Data extracted from a collection:
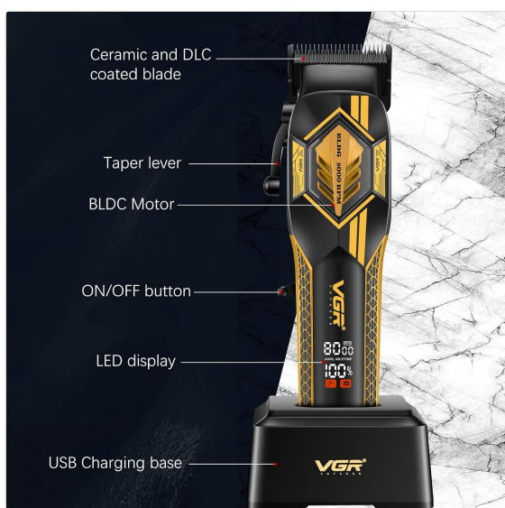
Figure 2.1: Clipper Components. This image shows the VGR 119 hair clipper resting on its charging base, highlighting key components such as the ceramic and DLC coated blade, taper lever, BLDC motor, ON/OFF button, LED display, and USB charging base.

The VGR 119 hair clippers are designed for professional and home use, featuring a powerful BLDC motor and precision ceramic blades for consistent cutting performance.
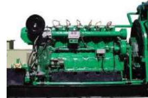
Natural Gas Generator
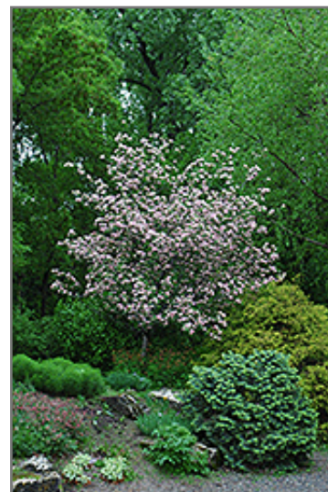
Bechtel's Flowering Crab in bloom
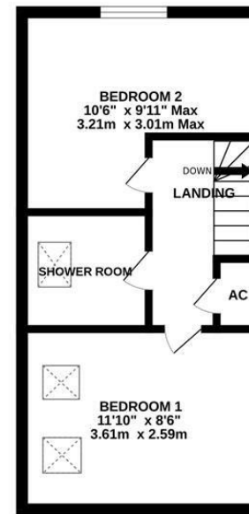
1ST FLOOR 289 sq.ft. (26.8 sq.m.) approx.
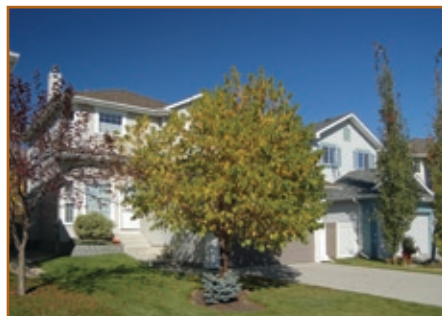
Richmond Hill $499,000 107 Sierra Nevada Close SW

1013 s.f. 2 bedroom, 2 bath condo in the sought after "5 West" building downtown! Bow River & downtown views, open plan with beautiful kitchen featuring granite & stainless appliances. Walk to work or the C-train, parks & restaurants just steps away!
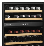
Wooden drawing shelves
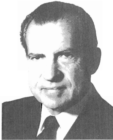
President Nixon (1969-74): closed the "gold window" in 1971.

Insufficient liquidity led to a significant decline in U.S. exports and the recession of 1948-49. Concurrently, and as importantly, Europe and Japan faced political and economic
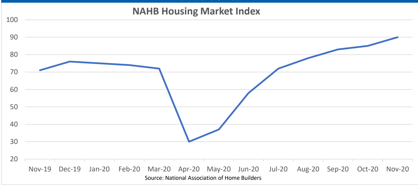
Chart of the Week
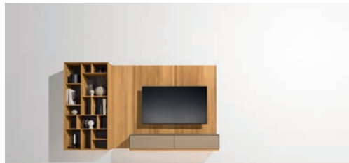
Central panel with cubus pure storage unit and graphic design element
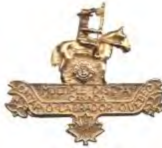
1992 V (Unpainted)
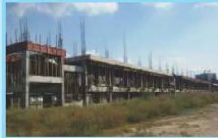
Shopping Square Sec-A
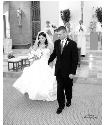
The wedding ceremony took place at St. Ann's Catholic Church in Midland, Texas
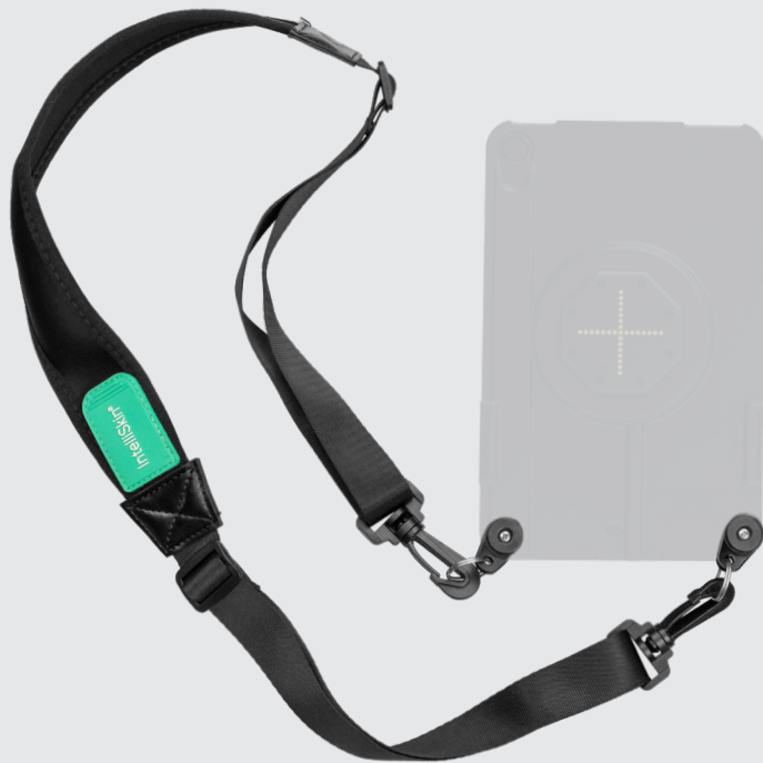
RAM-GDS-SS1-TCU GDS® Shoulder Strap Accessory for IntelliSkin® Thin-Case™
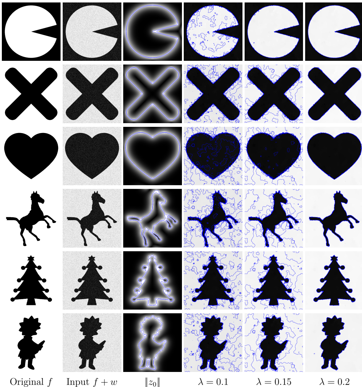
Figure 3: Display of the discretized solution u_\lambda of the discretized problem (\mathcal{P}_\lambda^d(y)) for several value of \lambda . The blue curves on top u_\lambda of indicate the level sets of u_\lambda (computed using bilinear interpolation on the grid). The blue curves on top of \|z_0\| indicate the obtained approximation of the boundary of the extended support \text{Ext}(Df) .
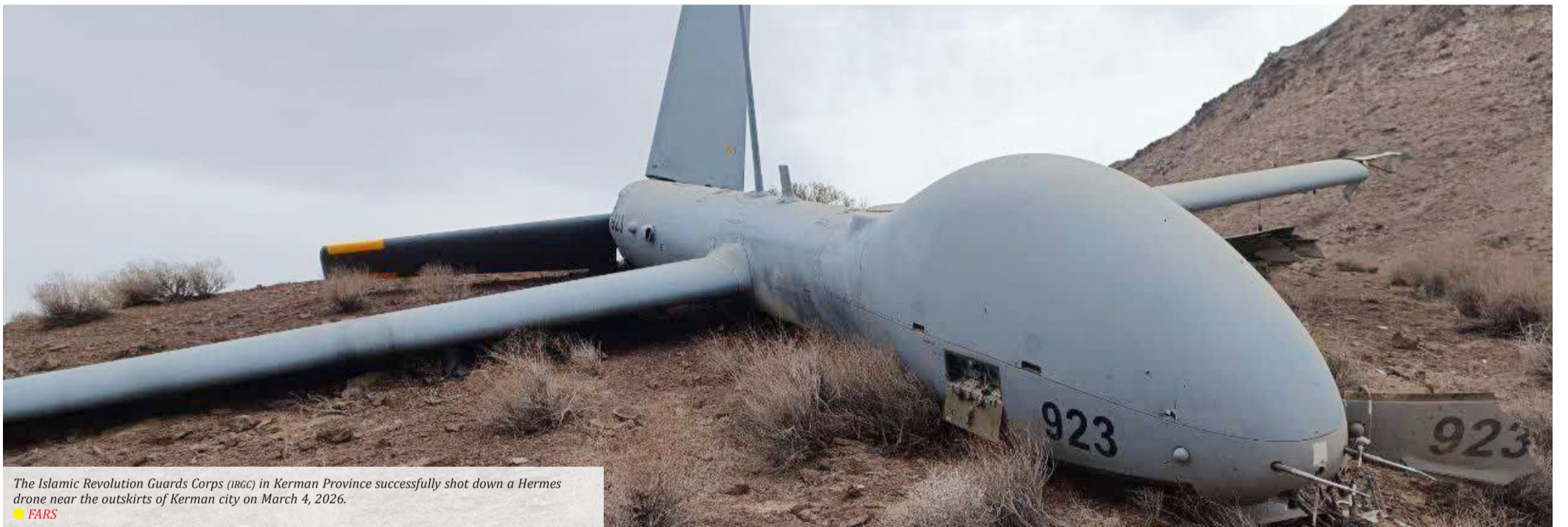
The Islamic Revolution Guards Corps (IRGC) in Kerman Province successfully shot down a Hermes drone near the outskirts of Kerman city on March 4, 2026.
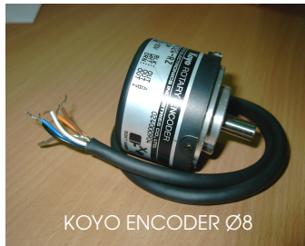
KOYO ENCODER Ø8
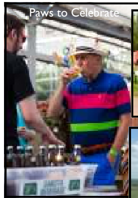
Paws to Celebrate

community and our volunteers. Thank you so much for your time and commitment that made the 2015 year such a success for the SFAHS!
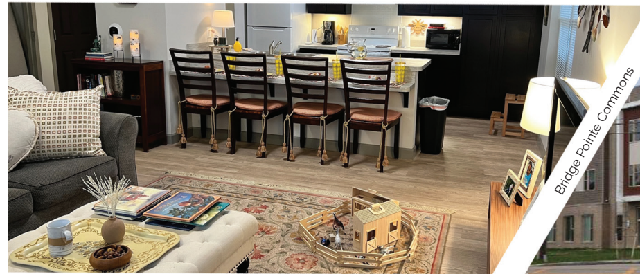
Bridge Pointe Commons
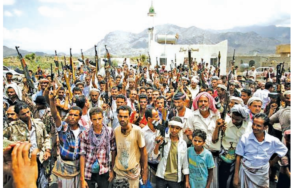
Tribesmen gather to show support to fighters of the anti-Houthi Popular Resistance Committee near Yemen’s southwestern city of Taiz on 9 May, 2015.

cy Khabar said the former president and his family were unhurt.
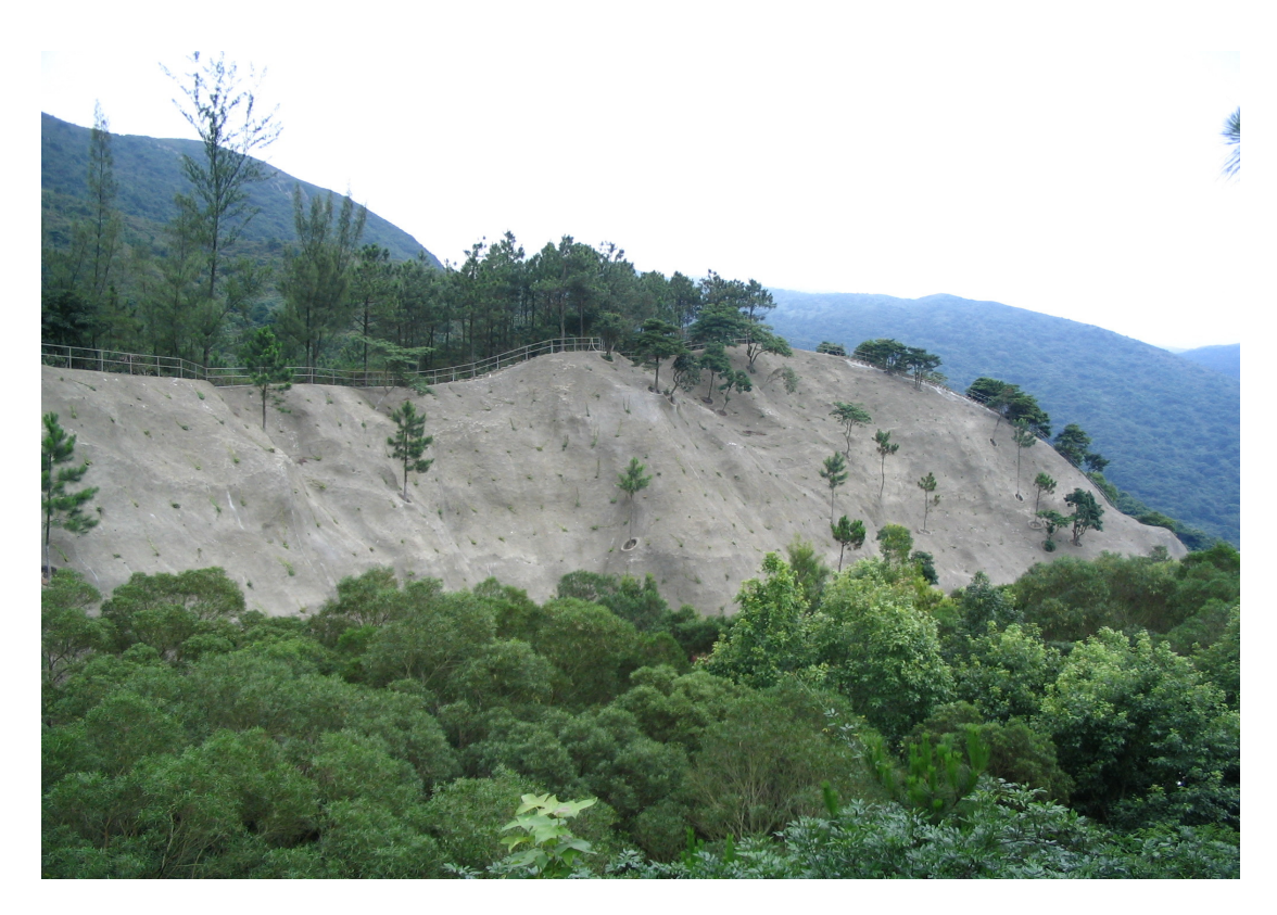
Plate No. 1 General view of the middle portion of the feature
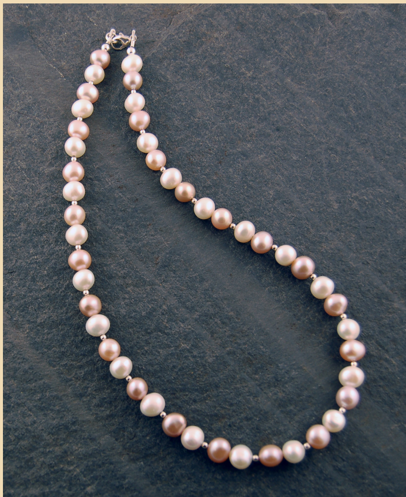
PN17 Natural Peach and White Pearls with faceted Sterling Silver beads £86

• **REQUIRED WORK**
Count, and answer with the number only: how many lines of the data include the string "hair"?

• **OUTPUT FOR THIS EXERCISE**
2